Ban of Bosnia
- Reign: 1250–1287
- Predecessor: Matej Ninoslav
- Successor: Stephen I
- Died: 1287–1290 Bosnia
- Issue: Stephen I Prijezda II Vuk
- House: Presumably Kotromanić
- Religion: Roman Catholicism (conversion)

= Prijezda I, Ban of Bosnia =

Ban of Bosnia

Prijezda I (Пријезда I; /sh/; 1233–1287) was the Ban of Bosnia as a vassal of the Hungarian Kingdom, ruling from c. 1250 until his death in 1287. He was a relative to his predecessor Matej Ninoslav, and is first mentioned in Papal letters regarding heretics in Bosnia. He stayed loyal to the Hungarian king.

==Life==
===Early life===
Historiography is undecided on the origin of Prijezda. Some treat him as the first known member of the Kotromanić dynasty.

Prijezda is mentioned in one of Pope Gregory IX's letters dated 10 October 1233 to Matej Ninoslav, the Ban of Bosnia, as Ninoslav's relative and the ubanus ("vice-ban") and having recently "returned from the filth of heretical depravity to the purity of the Catholic faith". Ninoslav is recorded in another of the letters as having himself claimed that his ancestors were heretics. Prijezda had been imprisoned, and Pope Gregory IX ordered Dominican Order friars to free him if he stayed loyal to the Catholic faith and sent his son as a political hostage to the Dominican Order, which he did. Ninoslav then guaranteed for Prijezda's loyalty and his work in "hunting heretics", upon which Prijezda's son was released to him. Pope Gregory IX was delighted at Ninoslav's and Prijezda's recent conversion to Catholicism through the Dominican Order.

In 1234, Pope Gregory IX began the Bosnian Crusade to strengthen Catholicism in Bosnia, and that year Coloman of Galicia became the leader in the mission; while Coloman fought with the sword, bishop John of Wildeshausen fought with the book. Coloman was successful, and received the administration of Bosnia by August 1235, thereby becoming a feudal sovereign under his father Andrew II. Bishop John was exhausted and decided to leave, while Coloman likely led a war in 1236–1237, reportedly finished with "eradicating" heresy in a letter dated 26 April 1238. Coloman was aided by Sibislav, the knez of Usora and son of earlier Ban Stephen Kulinić. Ninoslav was not mentioned as having participated in the fight, and is mentioned by the Pope in letters dated 22 December 1238 and 27 December 1239 as having returned to heresy, having likely left the Catholic camp during Coloman's campaign. It seems that Prijezda joined the Hungarian camp against Ninoslav in 1240 and was a Hungarian candidate for the Bosnian banate. Ninoslav then accepted the new holdings of the Catholic church in Bosnia and gave away considerable rights to Hungary and the Catholic church, such as taxes and lands.

===Ban of Bosnia===
After Ninoslav's death in c. 1250, Prijezda joined the struggle for rule in Bosnia, and only managed to defeat his opponents and secure his office in 1254–1255. Some put his accession at c. 1250. He was under Hungarian influence throughout his reign. Béla IV campaigned in 1253 and subjugated Bosnia and divided it into banates, out of which Bosnia proper (the zemlja of Bosna) was given to his loyal subject Prijezda, while Béla's nephew Rastislav Mihailovich received Usora, Soli and Mačva.

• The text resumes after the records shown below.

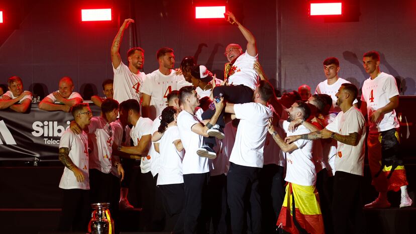 Por el escenario apareció Ibai Llanos, pero el jefe del micrófono fue Álvaro Morata, que tras recordar a los pioneros (Casillas, Xavi, Pujol...) presentó uno a uno a sus compañeros: “Carvajal, el jabalí de España, ¿dónde está Musiala?”; “Fabián es una farola entrenando, no se mueve”; “Mikel Merino, el espíritu de Puyol”; “Rodrigo, nos hemos picado un par de veces, pero es un Balón de Oro” (mientras Joselu señalaba a su cuñado Carvajal); “Nico, en Bilbao le han echado una gasolina que no existe”; “Lamine ha pasado de liarla en clase a liarla en la Eurocopa”; “Oyarzabal, ¿qué te dije el día de la final? Que te olía el pie a gol”; “Navas es una leyenda, habría que meterlo en la Federación o en el Gobierno”... Y así uno a uno. Luis de la Fuente fue manteado antes de dejar un mensaje de fondo (“este equipo es un ejemplo, unidos somos más fuertes”) y arrancarse sin chuleta con un Julio Iglesias en compañía de su amigo Patxi Salinas. Mientras, Rodri no paraba de gritar “Gibraltar es español”. Morata le tuvo que recordar que jugaba en Inglaterra.
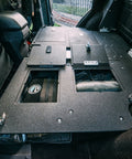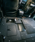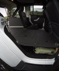 Jeep Wrangler JKU Plate System is required to install the Seat Delete Plate System. JKU Sleep Platforms connect to the rear Plate System and continue forward to just behind the front row seats(s).
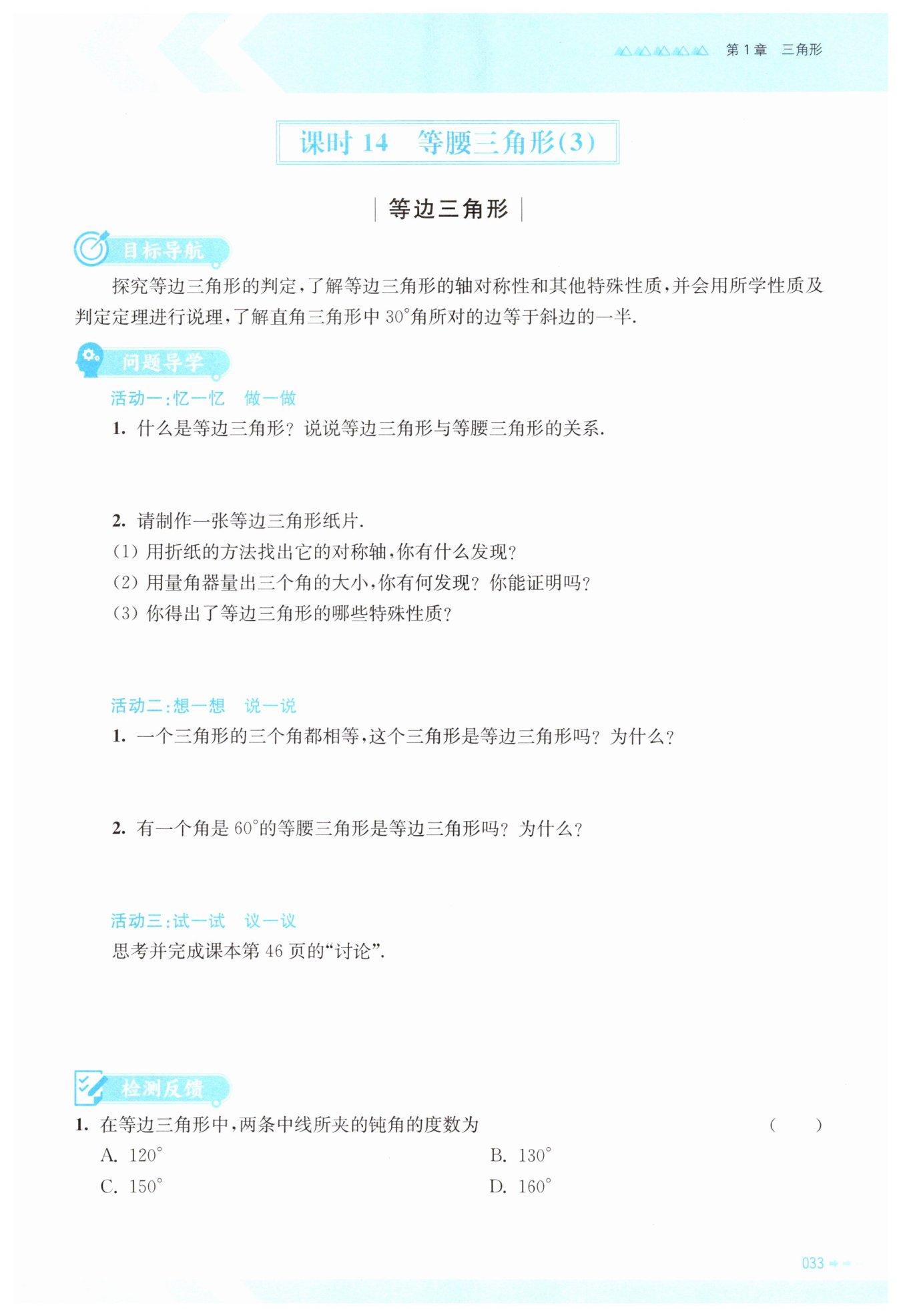 1. 一個(gè)三角形的三個(gè)角都相等, 由于三角形內(nèi)角和為$180^\circ$,所以每個(gè)角都是$60^\circ$。根據(jù)等邊三角形的性質(zhì),三個(gè)角都相等的三角形是等邊三角形。
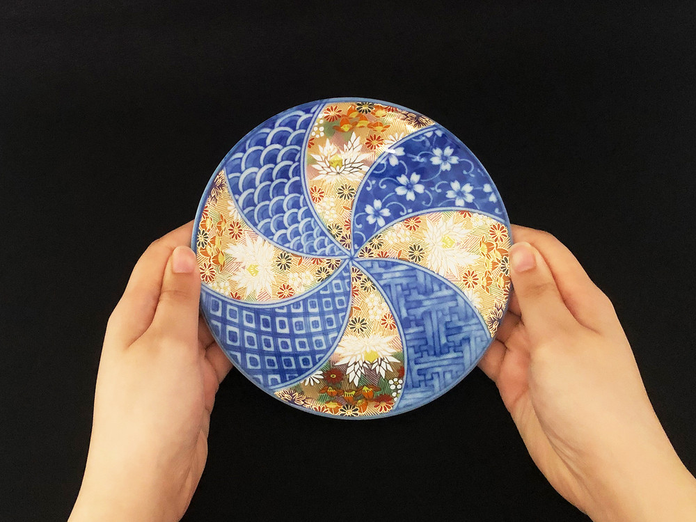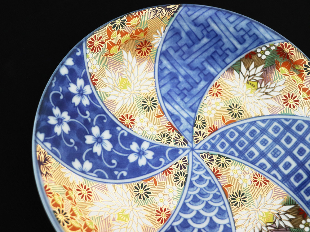 色々な花を金で縁取りしてある、鮮やかなお皿です。
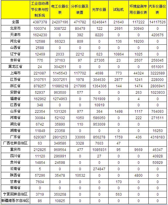 上海仪器仪表行业协会发布2012年1-3月仪器仪表主要子行业各地产量比较,第一季度,全国生产工业自动化调节仪表与控制系统4387378台,电工仪器仪表24207196台,环境监测专用仪器仪表117222套。
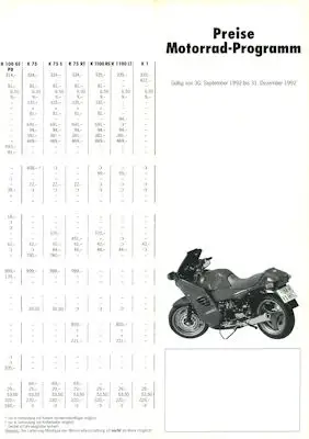 BMW Preisliste 30.9.1992 - 31.12.1992
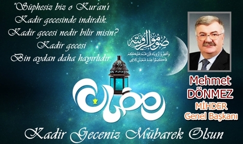 MİHDER Genel BaÅŸkanı Mehmet Dönmez, Kadir Gecesi’nin önemine iÅŸaret ettiÄŸi mesajında ÅŸunları söyledi: “Birlik, beraberlik, kardeÅŸlik ve dayanışma duygularının had safhaya ulaÅŸtığı 11 Ayın Sultanı olan Ramazan Ayı’nın son günlerine yaklaşırken, bin aydan daha hayırlı olan Kadir Gecesi’ne kavuÅŸmuÅŸ olmanın heyecanı ve sevincini yaşıyoruz. Kadir Gecesi, Kuran-ı Kerim’in övdüÄŸü, esenlik ve huzurun her tarafa yayıldığı sema kapılarının açıldığı, dua ve tövbelerin kabul edildiÄŸi bir gecedir. Bu mübarek ay ve bu güzel gecenin hürmetine tüm hemÅŸerilerimin ve İslam Alemi’nin Mübarek Kadir Gecesi’ni en içten dileklerimle tebrik eder, ülkemize ve tüm insanlığa barış, saÄŸlık ve esenlikler getirmesi temennisiyle, saygılar sunarım.”
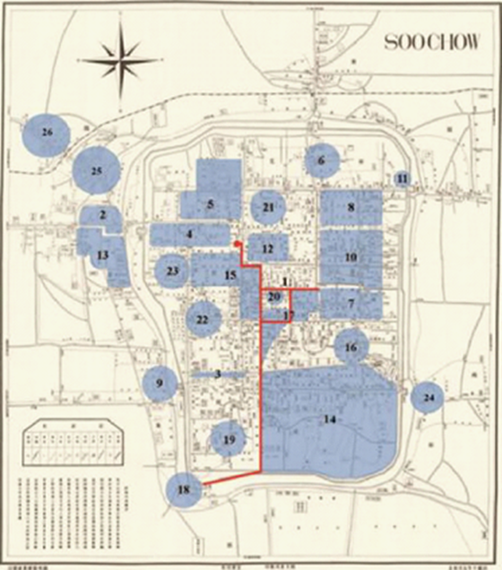 此图以1921年版《最新太阳成tyc7111cc官网城厢明细全图》(见张英霖等编《太阳成tyc7111cc官网古城地图》,太阳成tyc7111cc官网古吴轩2004年版)为底图,依据《太阳成tyc7111cc官网市民公社档案资料选编》中《市民公社概况表》及公社成立材料绘制
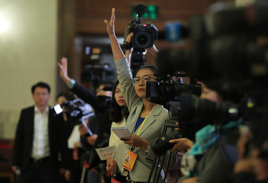 2017年10月18日,记者在人民大会堂十九大代表通道上举手提问。 赵青/摄
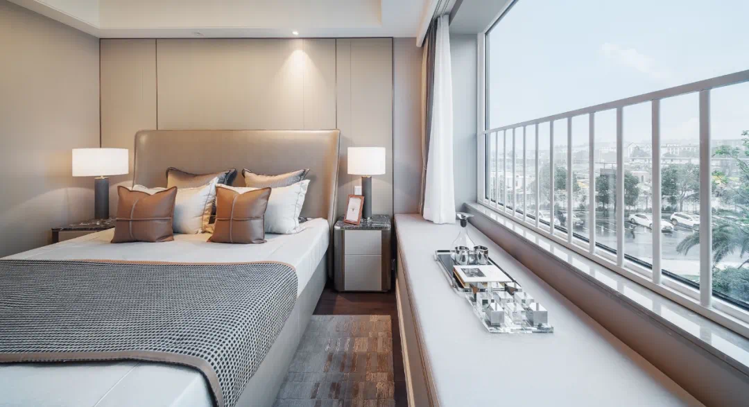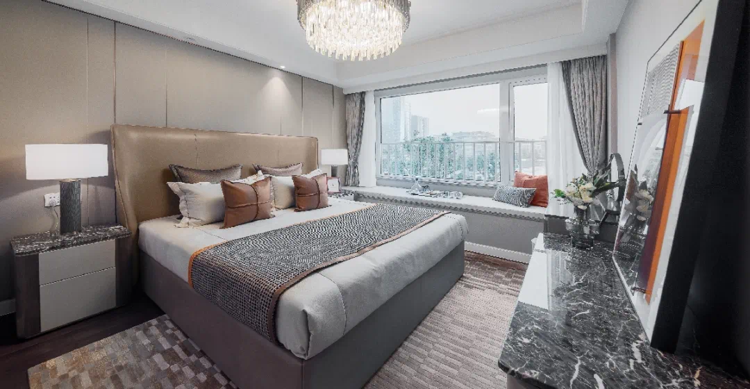 约18㎡阔绰主卧,配备观景飘窗、独立卫生间,并预留了步入式衣柜,优雅私密,满足太太的爱美之心。
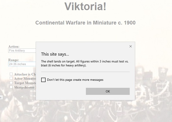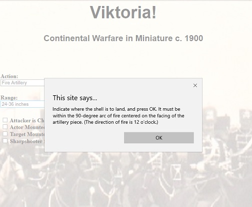 The Actor field is set to "Veteran" because that is the RAs rating. The Action is set to "Fire Artillery" and the Range is set to "24-36 inches". The fields describing the target are not used at this point - that is done once the fall of shell has been determined. For now, they can be anything and it makes no difference. The "Take Action" button is clicked, and the following message is received:
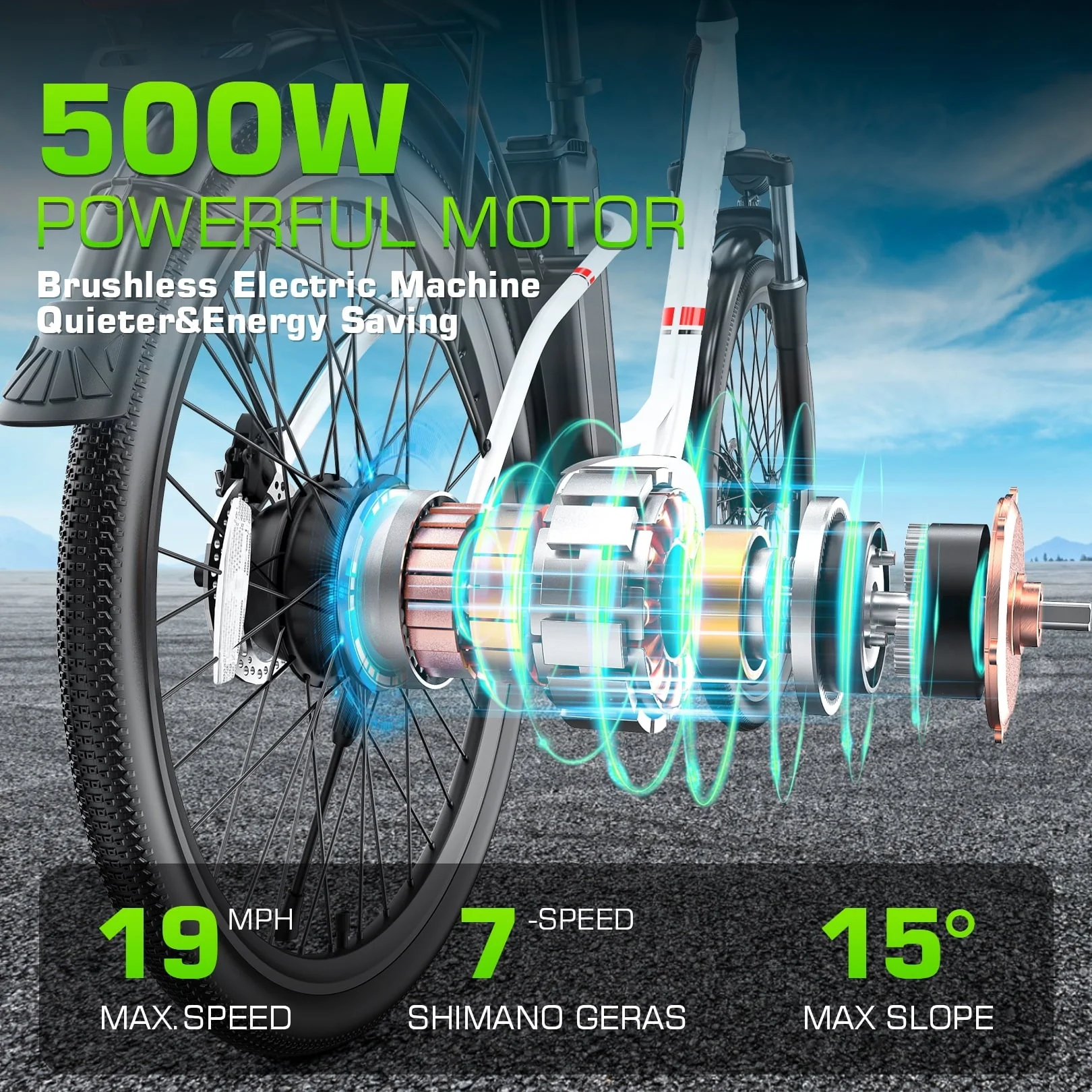 ★�?strong>POWERFUL 500W MOTOR AND 15° CLIMB�?--- Commuter ebike for adults boasts a powerful 500W rear hub motor, enabling a top speed of 19 MPH. This enough power ensures smooth ascents on moderately steep hills, making it perfect for daily commutes, grocery shopping, or leisure travel. Equipped with Shimano 7-speed professional gear for flexible shifting on any terrain, peak power:600W, no pressure 15° climb.
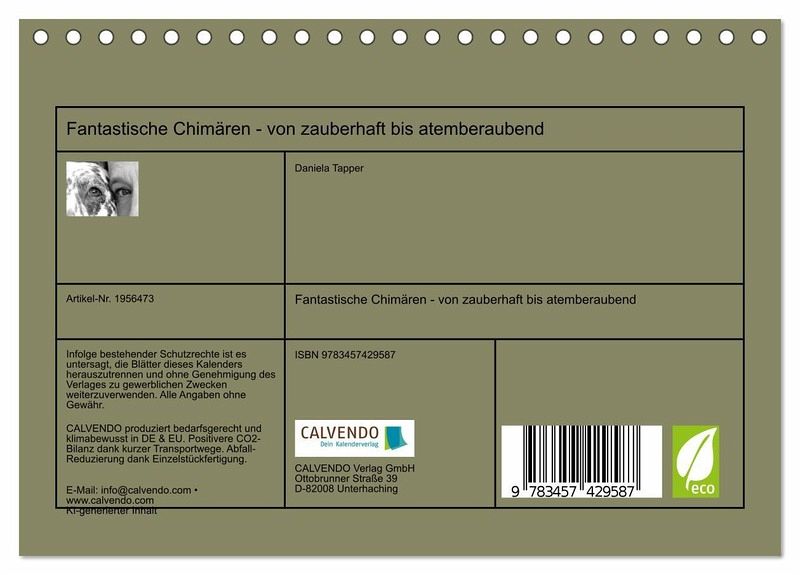 QUALITÄT - Hochwertiger Fotokalender mit 12 wunderschönen Motiven auf lichtbeständigem Bilderdruckpapier, robuste Spiralbindung.NACHHALTIG - deutliche Abfallreduzierung durch bedarfsgerechte Einzelstückfertigung, umweltfreundliches FSC-zertifiziertes Papier, Produktion in Deutschland, klimabewusste Logistik.PERFEKTES GESCHENK - Kalender für Freunde und Familie, für Kinder und Erwachsene, jung und alt, zu Weihnachten, Geburtstag oder zwischendurch.VIELFALT - Bildkalender in verschiedenen Formaten, z.B. DIN A5, DIN A4, DIN A3 sowie DIN A2. Ob Naturmotiv, Gemälde oder Fotos, ideal für ein persönliches Wohlfühlambiente.Magisch und legendär von Autor(in): Daniela Tapper
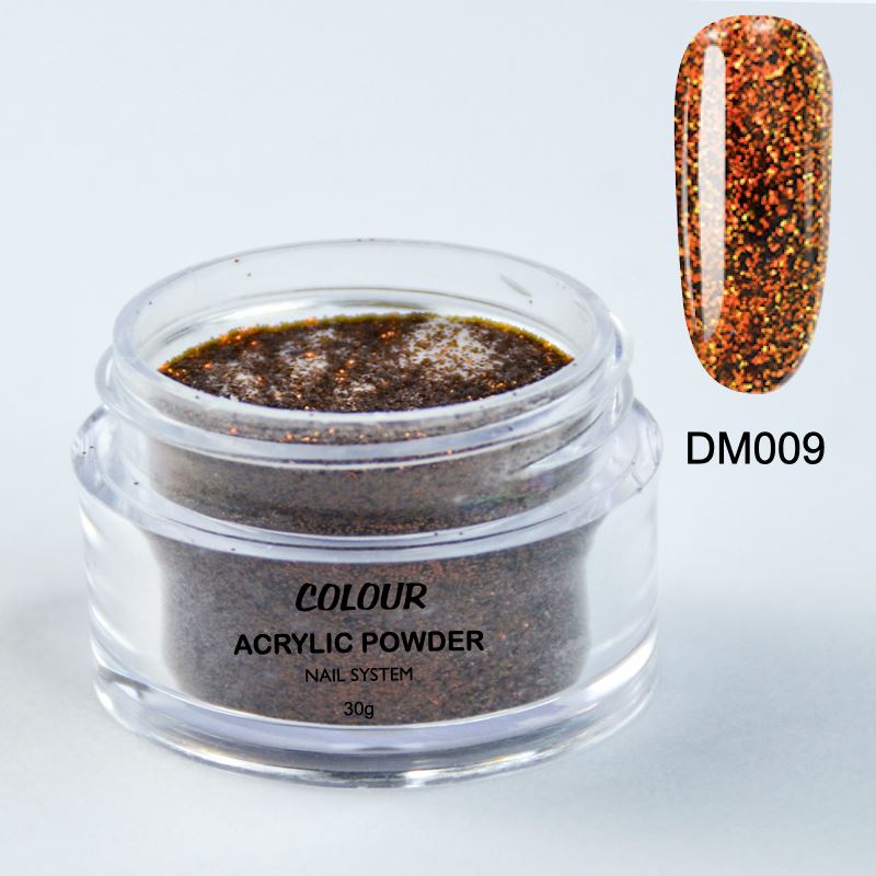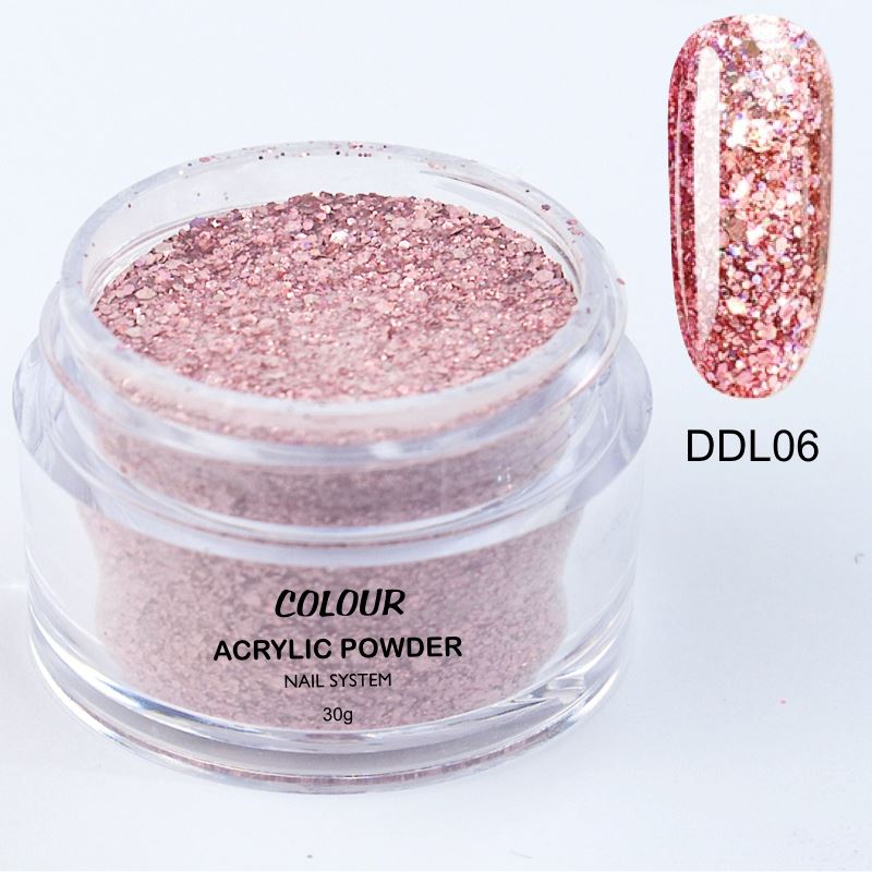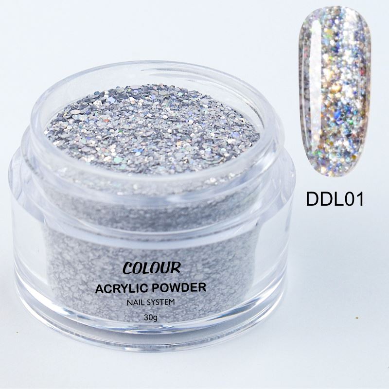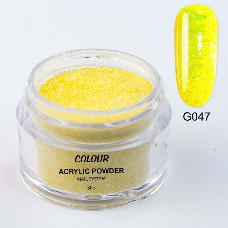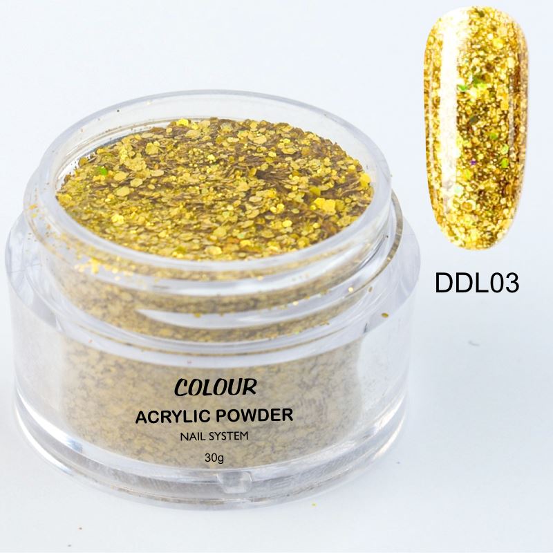 These vibrant acrylic colours can be used with your favorite Nail Liquid to cover the nails and also to create intricate nail designs. The feel of the bead is varying with the concentration of glitters, shimmers, chromes, bigger or smaller granulation in each individual colour. Your mix ratio will need to be re-adjusted accordingly. The drying time will also differ with some colours for the same reason as the concentration of the glitters, shimmers, chromes will sets slower.

As a Hungarian vassal, Prijezda received property in Podravina in 1255 and participated in the war against Bohemia in 1260. In the period of 1264–1280, the Hungarian kings constrained his reign through giving titles related to Bosnia (ban, duke) to junior members of the Arpad dynasty and the Hungarian–Croatian nobility. In 1273, Stephen II Gutkeled received the title of Ban of Bosnia, but Prijezda was still the de facto ruler. In 1280, heresy in Bosnia was still present, as per Hungarian king Ladislaus IV. In 1284, Prijezda's son Stephen married Jelisaveta, the daughter of Serbian king of Syrmia, Stefan Dragutin. Ladislaus IV granted Mačva, Usora and Soli to Dragutin in the second half of 1284.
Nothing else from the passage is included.